*Extracted material:*
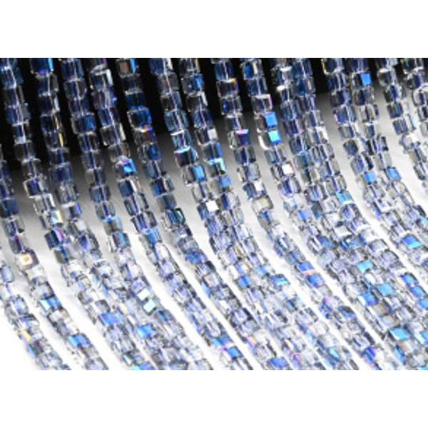 Бусины из циркона кубик гр.4*4мм цвет синий хамелеон, 40см, 100 бусин
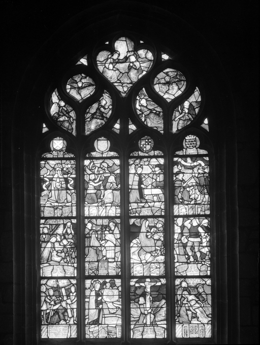 Vitrail du mur nord du bras nord du transept.Immatriculation
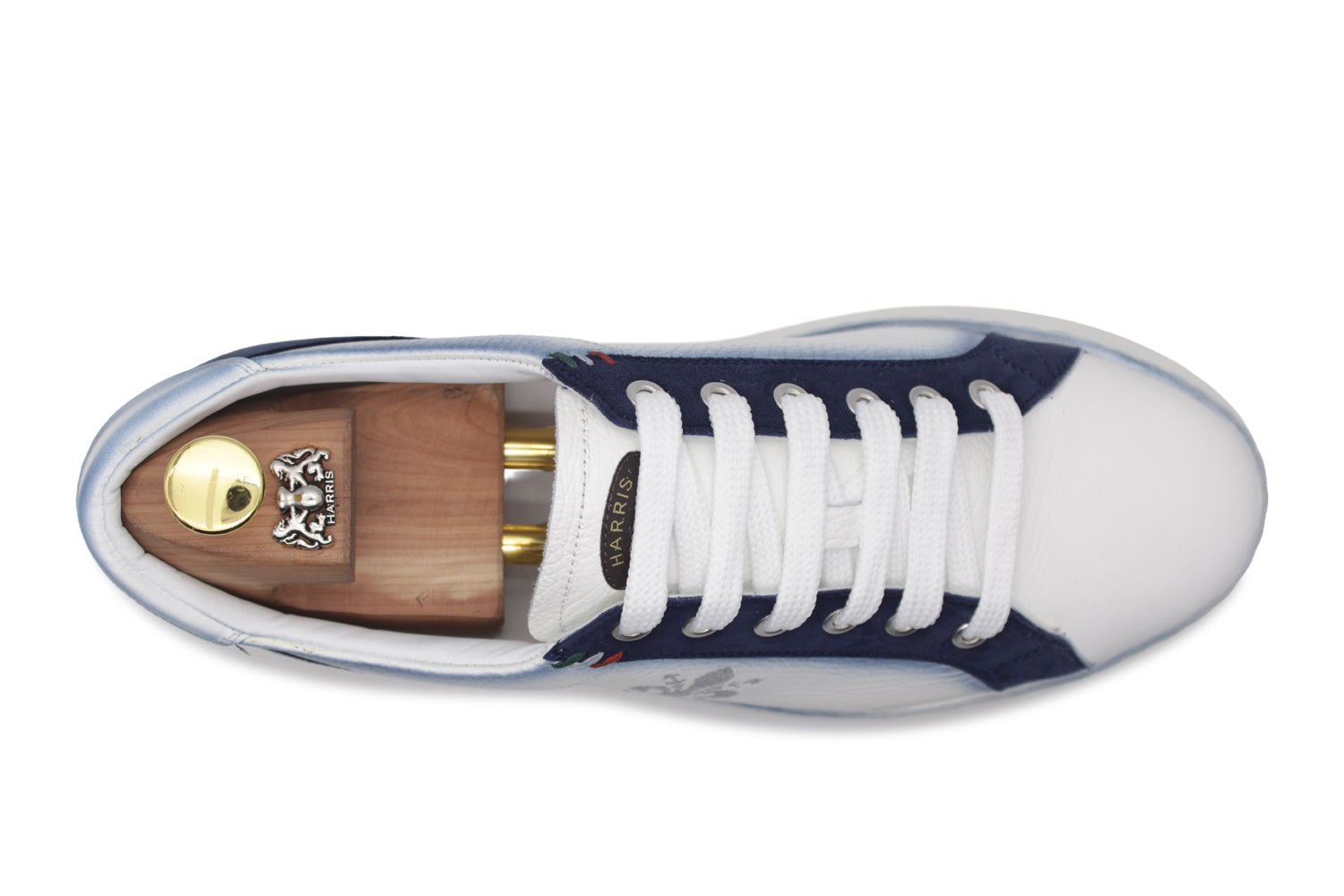 Sneaker in pelle effetto alce bianca sfumata con inserti in camoscio blu. Il Giglio Fiorentino ricamato in filo argento firma questo modello a cassetta leggera, costruito con cura in Blake Rapid.
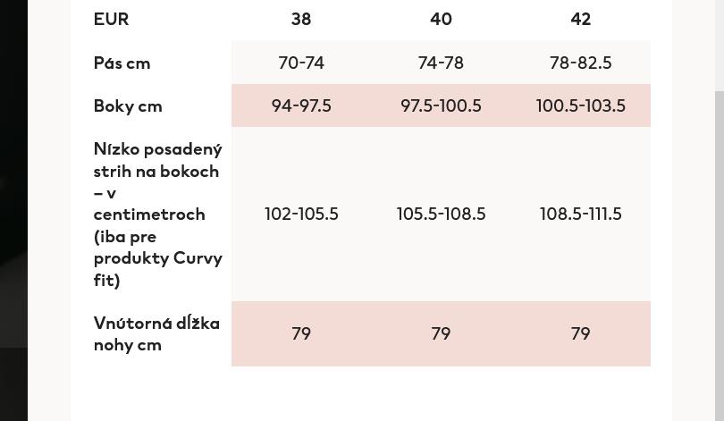 @pupavka234 pozeram tie velosti a teda velkost L ma boky 103-110. velkost 44 ma boky 103-106a 46 ma boky 106-110.
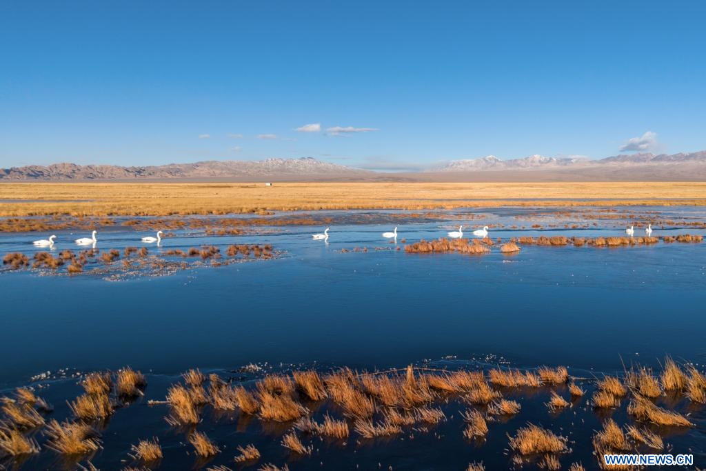 AKSAY, 17 novembre (Xinhua) -- Photo prise par drone montrant des cygnes chanteurs dans la zone humide du lac Xiaosugan, situé dans le district autonome kazakh d'Aksay, à Jiuquan, dans la province chinoise du Gansu (nord-ouest), le 14 novembre 2025.
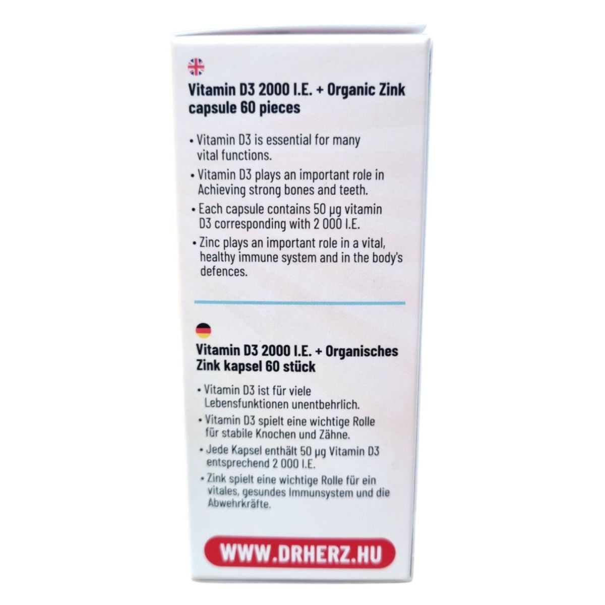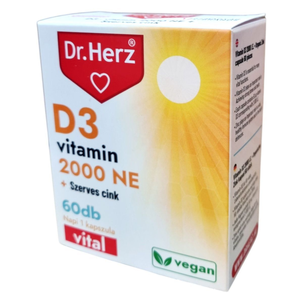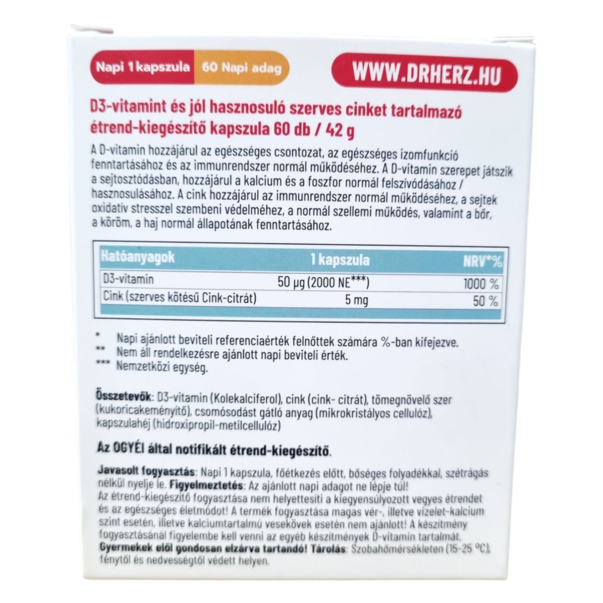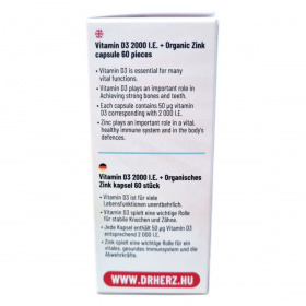 A Dr. Herz D3 vitamin 2000 NE + Szerves cink kapszula egy étrend-kiegészítő, amely D3-vitamint és jól hasznosuló szerves cinket tartalmaz. A D-vitamin hozzájárulhat az egészséges csontozat, izomfunkció és az immunrendszer normál működéséhez, valamint szerepet játszhat a sejtosztódásban és a kalcium, foszfor normál felszívódásában. A cink hozzájárulhat az immunrendszer normál működéséhez, a sejtek védelméhez, a normál szellemi működéshez, valamint a bőr, köröm és haj normál állapotának fenntartásához. A termék napi ajánlott mennyisége 1 kapszula, amelyet főétkezés előtt, bőséges folyadékkal, szétrágás nélkül kell bevenni. A termék bio és vegán étrendi irányzatoknak is megfelelhet.

*Activity:* In the data above, the stretch from the line with "Vitrail du mur" through the line with "ma boky 106-110." is to be returned exactly, minus any pictures.

*Task answer:*
 Vitrail du mur nord du bras nord du transept.Immatriculation
 Sneaker in pelle effetto alce bianca sfumata con inserti in camoscio blu. Il Giglio Fiorentino ricamato in filo argento firma questo modello a cassetta leggera, costruito con cura in Blake Rapid.
 @pupavka234 pozeram tie velosti a teda velkost L ma boky 103-110. velkost 44 ma boky 103-106a 46 ma boky 106-110.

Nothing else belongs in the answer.